Asam nukleat merupakan makromolekul biokimia yang kompleks, berbobot
molekul tinggi, dan tersusun atas rantai nukleotida yang mengandung informasi
genetik (Suharsono, 2018).
Nucleic acids are complex macromolecules consisting of nucleotide chains
that store the genetic information of living things (Alberts et al., 2015).

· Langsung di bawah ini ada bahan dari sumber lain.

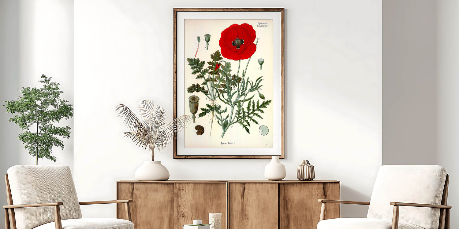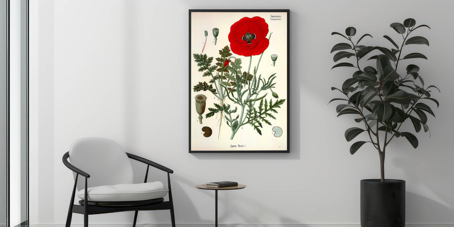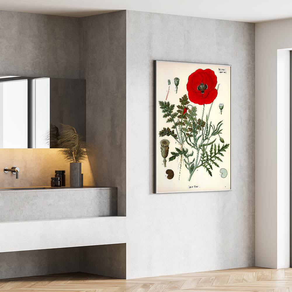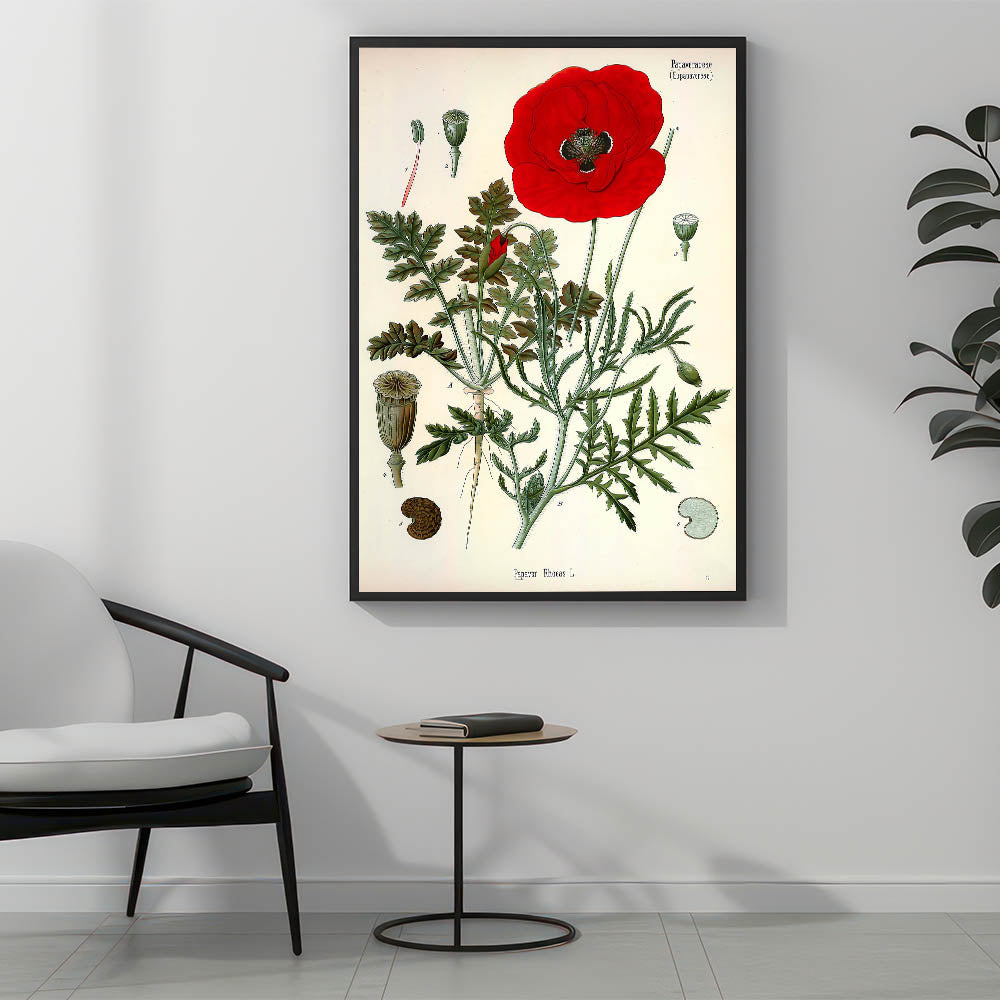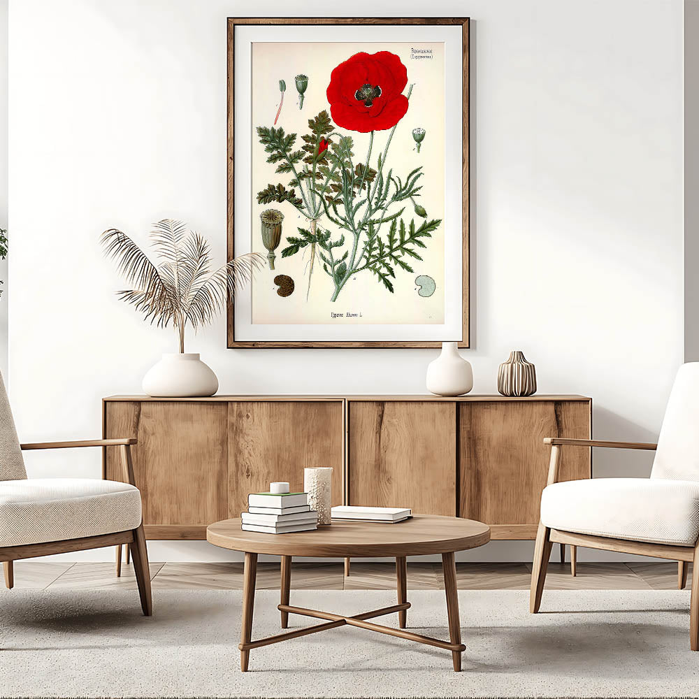 Add a touch of timeless beauty to your space with this vintage botanical illustration of Papaver Rhoeas (Common Poppy). This art print showcases the vivid red petals and intricate green foliage in exquisite detail, capturing the elegance of nature with a classic vintage flair. Perfect for living rooms, bedrooms, or offices seeking a bold yet natural accent.
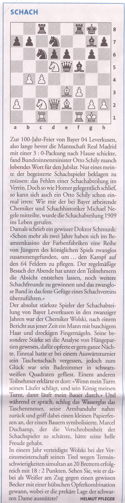 Am 11.11.2004 erschien in der von Helmut Pfleger betreuten Schachspalte der Zeitung "Die Zeit" ein kleiner Artikel zur Historie unseres Vereins (siehe unten). Endlich wird hier einmal richtiggestellt, dass Bayer sehr wohl einen Schachclub - nämlich uns!! - hat. Bei der 100-Jahr-Feier von Bayer 04 Leverkusen wurde das leider vergessen! |
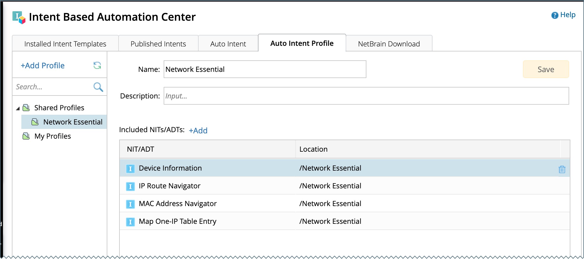 3. Click + Add in the Included NITs/ADTs block, then select an intent to be added to the profile in the pop-up dialog. Click OK in the dialog. The selected intent will be added as an entry to the Included NITs/ADTs block.
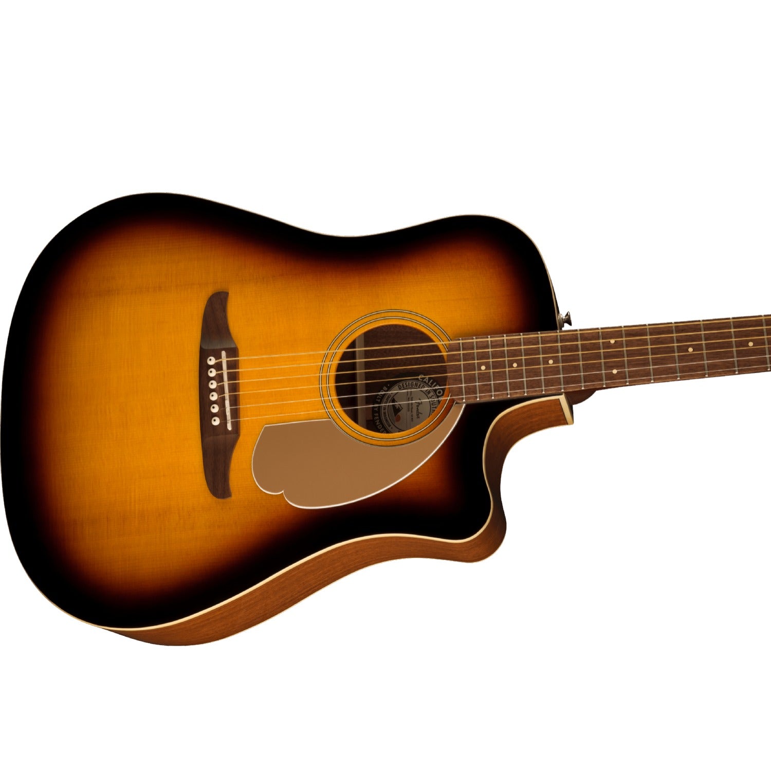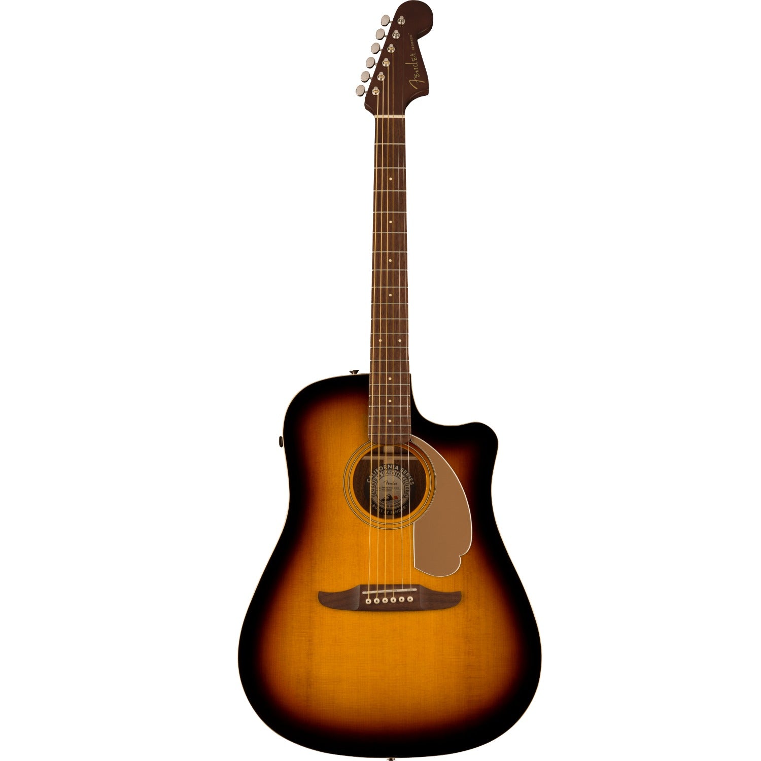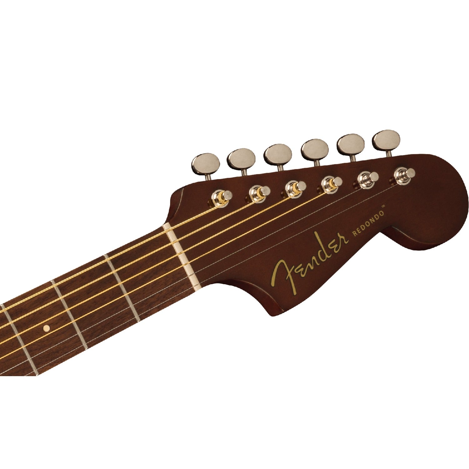 Fender Redondo Player Acoustic Guitar - Walnut Fretboard Overview: Bold and brash, the chest-thumping sound of this big-bodied acoustic was designed to inspire from the moment you pick it up. The exclusive slope-shouldered Redondo body shape has a rich, commanding voice that fills any room. The gloss metallic top, back and sides, as well as a matching painted 6-in-line headstock and crème binding, give it a shot of electrifying attitude.

(Asam nukleat merupakan makromolekul kompleks yang tersusun atas rantai
nukleotida yang menyimpan informasi genetik dari suatu makhluk hidup).
2.2 Definisi Isolasi DNA
Isolasi DNA merupakan proses pengeluaran DNA dari tempatnya berada
(ekstraksi atau lisis) biasanya dilakukan homogenasi dan penambahan buffer
ekstraksi dan buffer lisis untuk pencegahan DNA rusak. Adapun pernyataan dari
Faatih (2009), yang mengungkapkan bahwa isolasi DNA/RNA merupakan langkah
awal yang harus dikerjakan dalam rekayasa genetika sebelum melangkah ke proses
selanjutnya.
DNA isolation is a primary and critical step for molecular analysis of any
plant species (Handayani et al., 2016).
(Isolasi DNA adalah langkah utama dan kritis untuk analisis molekuler dari setiap
spesies tumbuhan).
2.2 Struktur DNA beserta Fungsinya
Secara kimia DNA mengandung karakteristik/sifat di antaranya yaitu: 1)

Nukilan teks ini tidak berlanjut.